You can add a bound to a variable when it is created by setting lb (lower bound) and ub (upper bound).

z = m.Var(lb=0,ub=10)

After you create the variable, the bound is adjusted with .lower and .upper.

z.LOWER = 1
z.UPPER = 9

Here is an example problem that shows the use of bounds where x is constrained to be greater than 0.5.

from gekko import GEKKO

t_data = [0, 0.1, 0.2, 0.4, 0.8, 1]
x_data = [2.0,  1.6,  1.2, 0.7,  0.3,  0.15]

m = GEKKO(remote=False)
m.time = t_data
x = m.CV(value=x_data,lb=0.5,ub=3); x.FSTATUS = 1  # fit to measurement
k = m.FV(); k.STATUS = 1               # adjustable parameter
m.Equation(x.dt()== -k * x)            # differential equation

m.options.IMODE = 5   # dynamic estimation
m.options.NODES = 5   # collocation nodes
m.solve(disp=False)   # display solver output
k = k.value[0]; print(k)

A plot of the results shows that the bounds are enforced but the model prediction does not fit the data because of the lower bound constraint (x>=0.5).

import numpy as np
import matplotlib.pyplot as plt  # plot solution
plt.plot(m.time,x.value,'bo',\
         label='Predicted (k='+str(np.round(k,2))+')')
plt.plot(m.time,x_data,'rx',label='Measured')
# plot exact solution
t = np.linspace(0,1); xe = 2*np.exp(-k*t)
plt.plot(t,xe,'k:',label='Exact Solution')
plt.legend()
plt.xlabel('Time'), plt.ylabel('Value')
plt.show()

Without the restrictive lower bound, the solver optimizes to best fit the points.
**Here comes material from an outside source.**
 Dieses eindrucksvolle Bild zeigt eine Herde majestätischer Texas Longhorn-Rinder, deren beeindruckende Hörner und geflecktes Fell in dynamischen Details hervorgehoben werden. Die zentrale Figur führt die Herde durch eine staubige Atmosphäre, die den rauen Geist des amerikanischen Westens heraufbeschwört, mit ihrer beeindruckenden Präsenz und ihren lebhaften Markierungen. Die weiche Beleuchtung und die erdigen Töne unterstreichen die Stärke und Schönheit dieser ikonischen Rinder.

x = m.CV(value=x_data,lb=0.0,ub=3)

Response 1 to Question Edit

The only way that a variable (such as u) is outside of the bounds is if the solver did not report a successful solution. To report a successful solution, the solver must satisfy the Karush Kuhn Tucker conditions for optimality. I recommend that you check that it satisfied all of the equations by checking that m.options.APPSTATUS==1 after the m.solve() command. If you can include an MVCE (https://stackoverflow.com/help/minimal-reproducible-example) that has sample data so the script can run, we can help you check it.
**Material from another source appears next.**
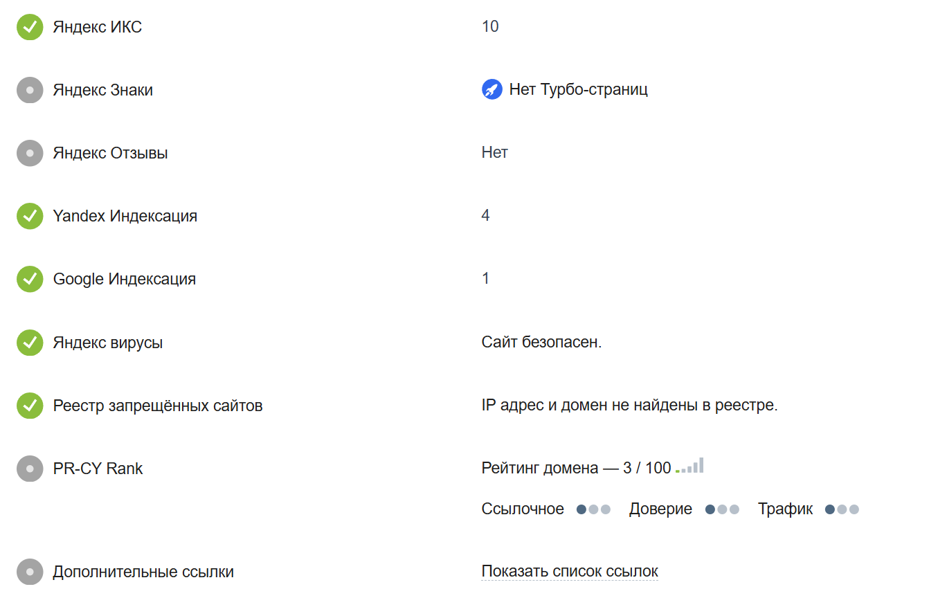 Возраст домена — три года. При этом за данный период сайт так и не смог раскрутиться. На момент написания обзора он имеет крайне низкий рейтинг. Страницы ресурса только начинают индексироваться в поисковых системах.

Response 2 to Question Edit

Thanks for including a minimal reproducible example. Here are the results that I get with Gekko 0.2.8. If you are using an earlier version, I recommend that you upgrade with pip install gekko --upgrade.
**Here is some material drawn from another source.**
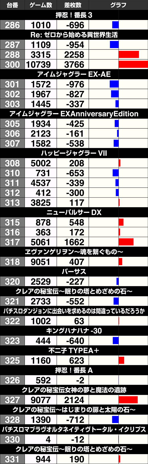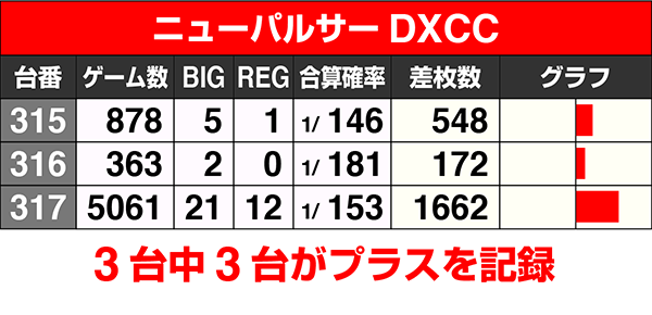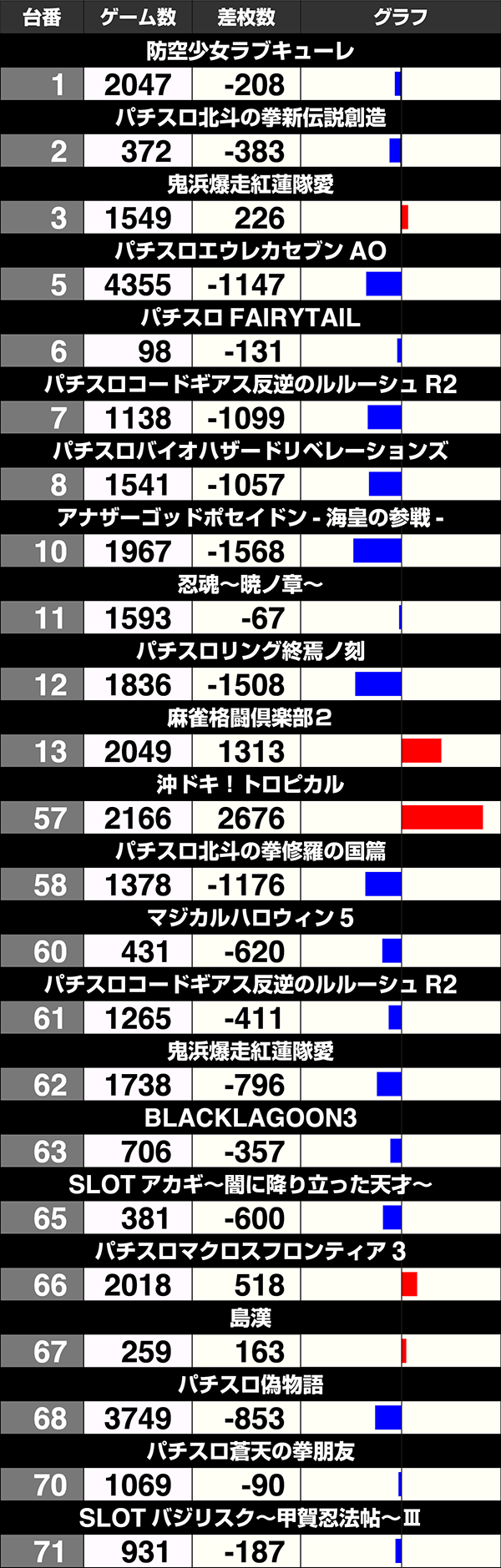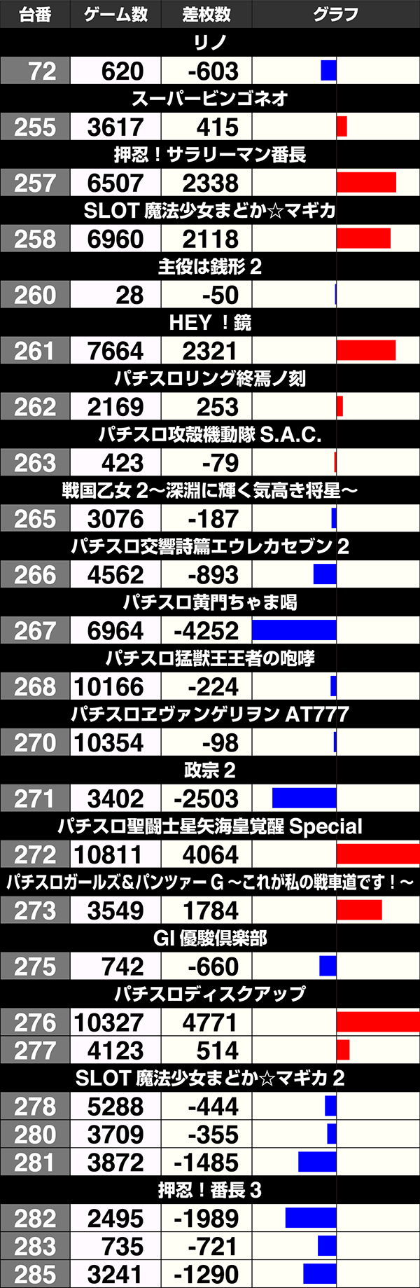 2台以上設置されている機種では、『パチスロディスクアップ』と『ニューパルサーデラックス』が全台プラスを記録した。

The solver reports a successful solution.

EXIT: Optimal Solution Found.

 The solution was found.

 The final value of the objective function is  0.03164650667928192
 
 ---------------------------------------------------
 Solver         :  IPOPT (v3.12)
 Solution time  :  0.23339999999999997 sec
 Objective      :  0.0316473666078486
 Successful solution
 ---------------------------------------------------

The constraints x>=0 and 0<=u<=1 are satisfied. Could it just be an issue with an older version of Gekko?